What the exercise asks:
Omit all images, then repeat exactly the lines below from the one containing "Work performed over" through the one containing "2025 ERASMUS PERSONEL", both ends included.

Information given:

---+---

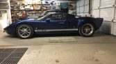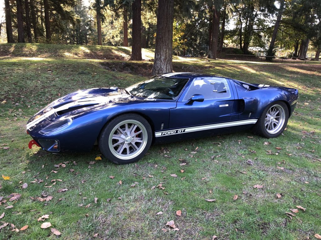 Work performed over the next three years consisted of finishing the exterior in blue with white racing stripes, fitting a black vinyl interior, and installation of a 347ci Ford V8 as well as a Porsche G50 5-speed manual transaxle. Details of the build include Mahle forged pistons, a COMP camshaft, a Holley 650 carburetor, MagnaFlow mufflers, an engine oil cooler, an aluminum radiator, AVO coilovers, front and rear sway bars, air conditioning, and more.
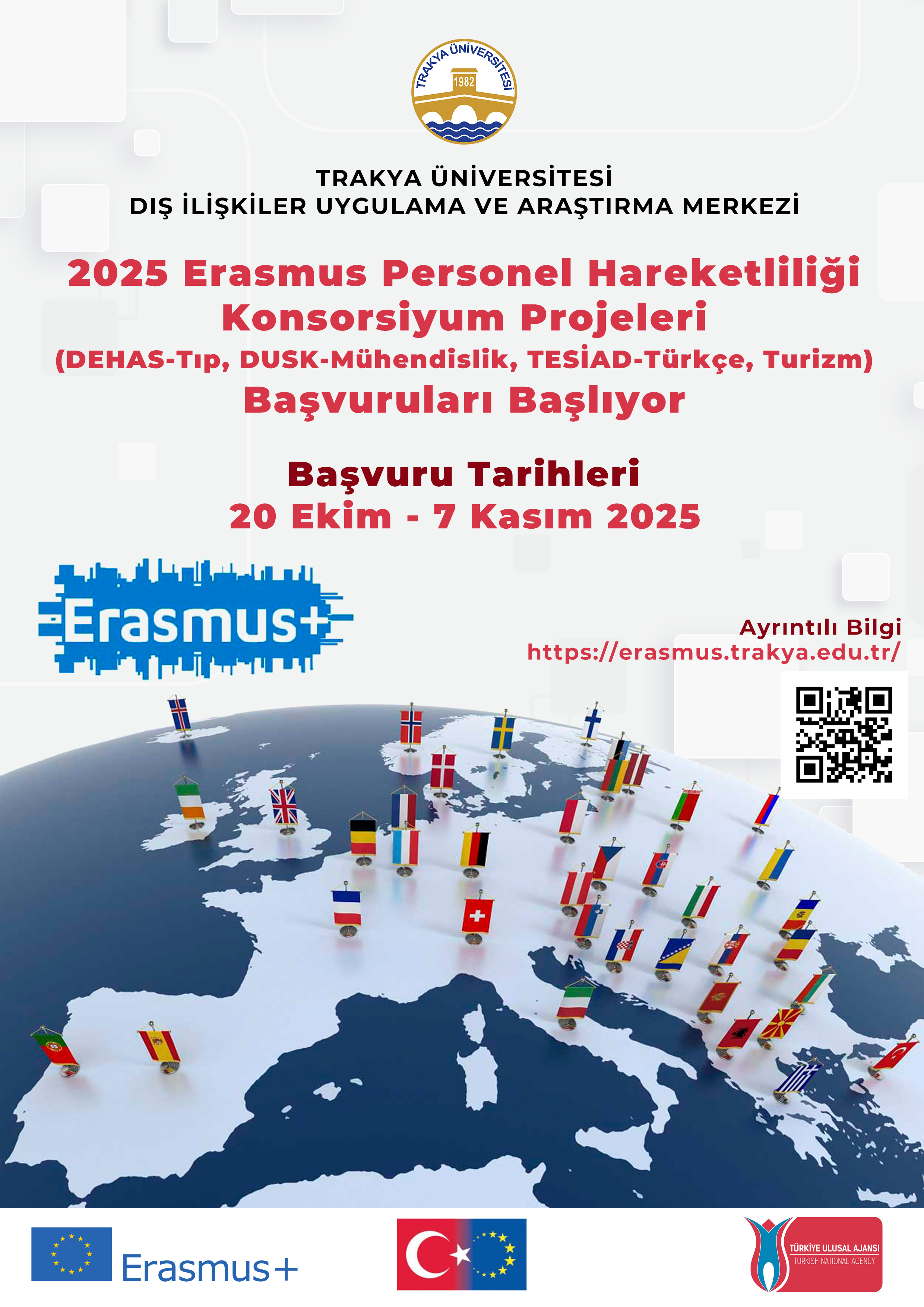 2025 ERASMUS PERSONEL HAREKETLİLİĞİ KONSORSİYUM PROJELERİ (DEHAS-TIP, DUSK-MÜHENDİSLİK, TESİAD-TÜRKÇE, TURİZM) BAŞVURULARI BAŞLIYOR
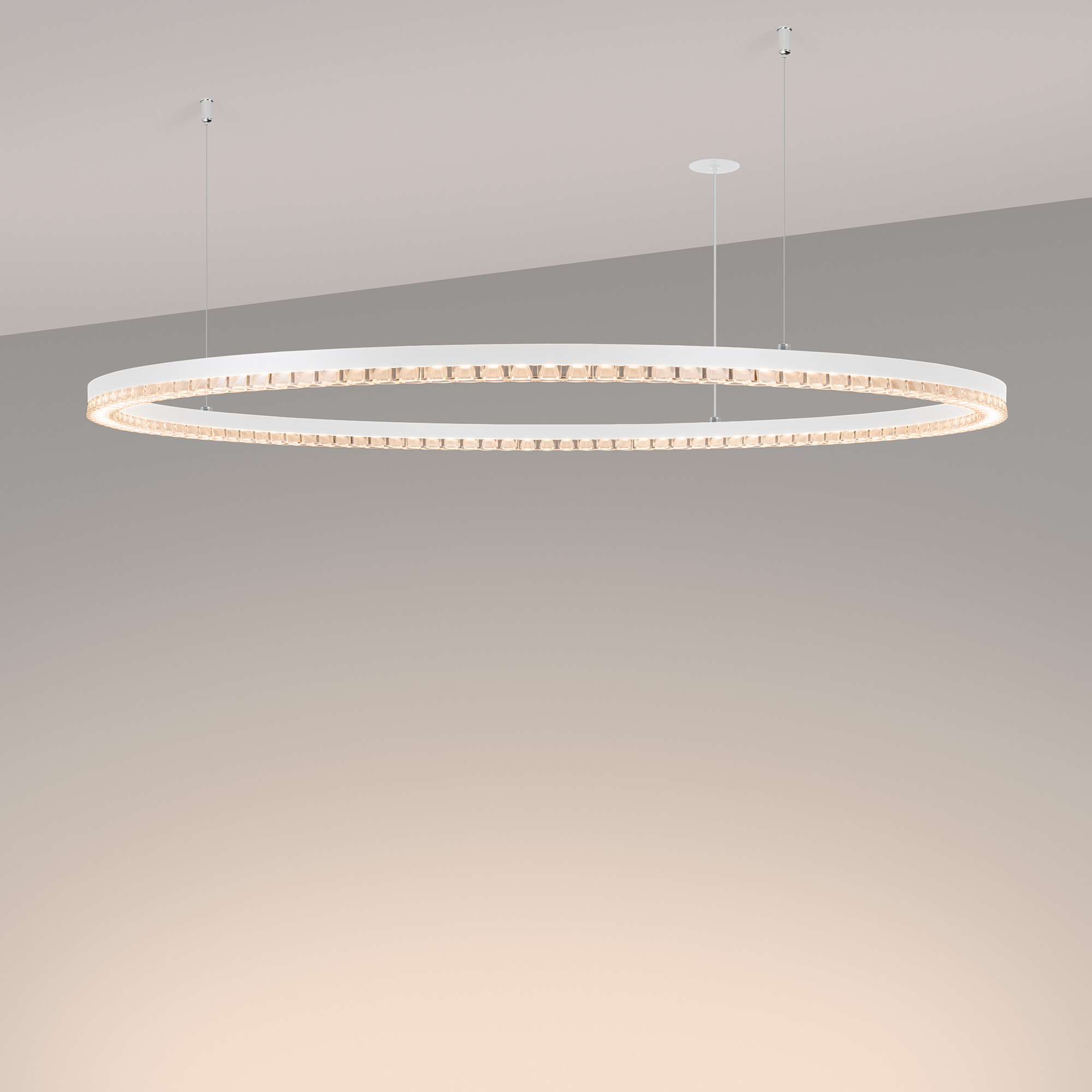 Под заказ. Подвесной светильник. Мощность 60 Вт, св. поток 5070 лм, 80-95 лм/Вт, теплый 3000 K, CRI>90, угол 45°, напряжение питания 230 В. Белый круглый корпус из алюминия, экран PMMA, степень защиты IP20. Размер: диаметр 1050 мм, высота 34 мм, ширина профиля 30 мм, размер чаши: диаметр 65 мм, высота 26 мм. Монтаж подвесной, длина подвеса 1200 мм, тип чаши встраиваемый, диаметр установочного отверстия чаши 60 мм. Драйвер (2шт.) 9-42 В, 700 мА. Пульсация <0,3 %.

---+---

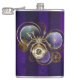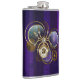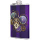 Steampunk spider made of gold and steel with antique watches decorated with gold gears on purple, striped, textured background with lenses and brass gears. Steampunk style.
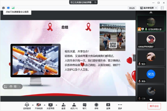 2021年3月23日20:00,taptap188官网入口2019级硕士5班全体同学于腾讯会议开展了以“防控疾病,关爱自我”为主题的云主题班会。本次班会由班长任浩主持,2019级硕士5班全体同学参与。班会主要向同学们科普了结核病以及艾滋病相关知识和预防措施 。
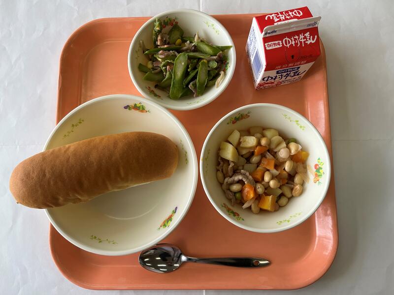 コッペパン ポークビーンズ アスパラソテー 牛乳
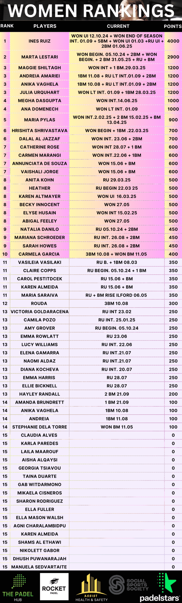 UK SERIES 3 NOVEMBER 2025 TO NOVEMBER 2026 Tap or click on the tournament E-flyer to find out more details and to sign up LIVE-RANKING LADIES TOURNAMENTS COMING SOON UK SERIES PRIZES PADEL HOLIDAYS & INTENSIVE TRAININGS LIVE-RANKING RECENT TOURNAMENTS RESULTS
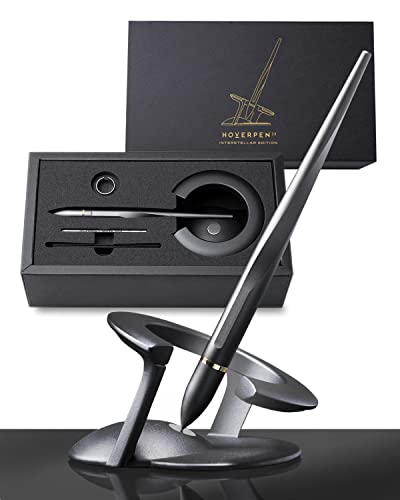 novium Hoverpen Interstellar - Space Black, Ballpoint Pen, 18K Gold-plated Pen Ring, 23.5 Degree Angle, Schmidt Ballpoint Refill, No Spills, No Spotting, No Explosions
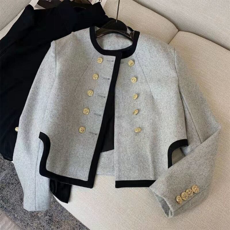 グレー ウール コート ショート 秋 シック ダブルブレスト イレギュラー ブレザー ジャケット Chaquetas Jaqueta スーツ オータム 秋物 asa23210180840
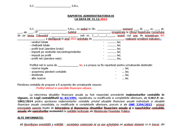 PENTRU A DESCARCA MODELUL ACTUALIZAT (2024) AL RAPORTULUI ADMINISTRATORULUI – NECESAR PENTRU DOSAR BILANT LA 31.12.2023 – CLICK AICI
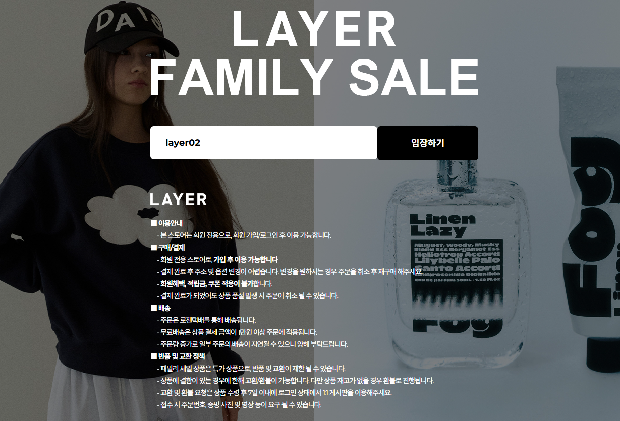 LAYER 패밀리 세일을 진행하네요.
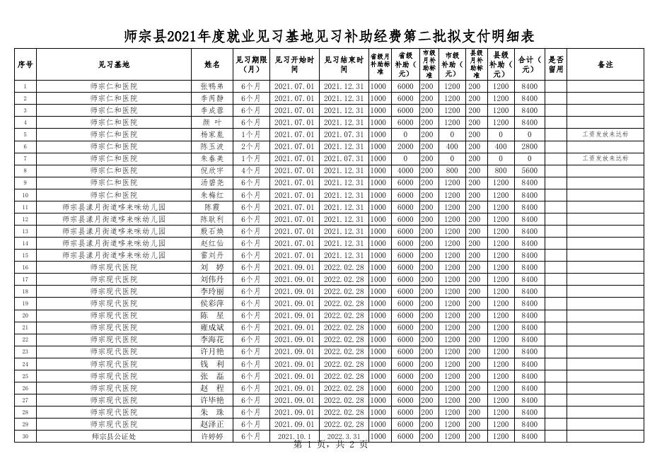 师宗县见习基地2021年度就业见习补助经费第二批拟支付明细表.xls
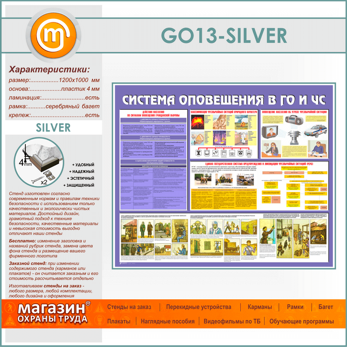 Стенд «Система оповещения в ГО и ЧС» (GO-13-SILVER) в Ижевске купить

---+---

Problem solution:
 Work performed over the next three years consisted of finishing the exterior in blue with white racing stripes, fitting a black vinyl interior, and installation of a 347ci Ford V8 as well as a Porsche G50 5-speed manual transaxle. Details of the build include Mahle forged pistons, a COMP camshaft, a Holley 650 carburetor, MagnaFlow mufflers, an engine oil cooler, an aluminum radiator, AVO coilovers, front and rear sway bars, air conditioning, and more.
 2025 ERASMUS PERSONEL HAREKETLİLİĞİ KONSORSİYUM PROJELERİ (DEHAS-TIP, DUSK-MÜHENDİSLİK, TESİAD-TÜRKÇE, TURİZM) BAŞVURULARI BAŞLIYOR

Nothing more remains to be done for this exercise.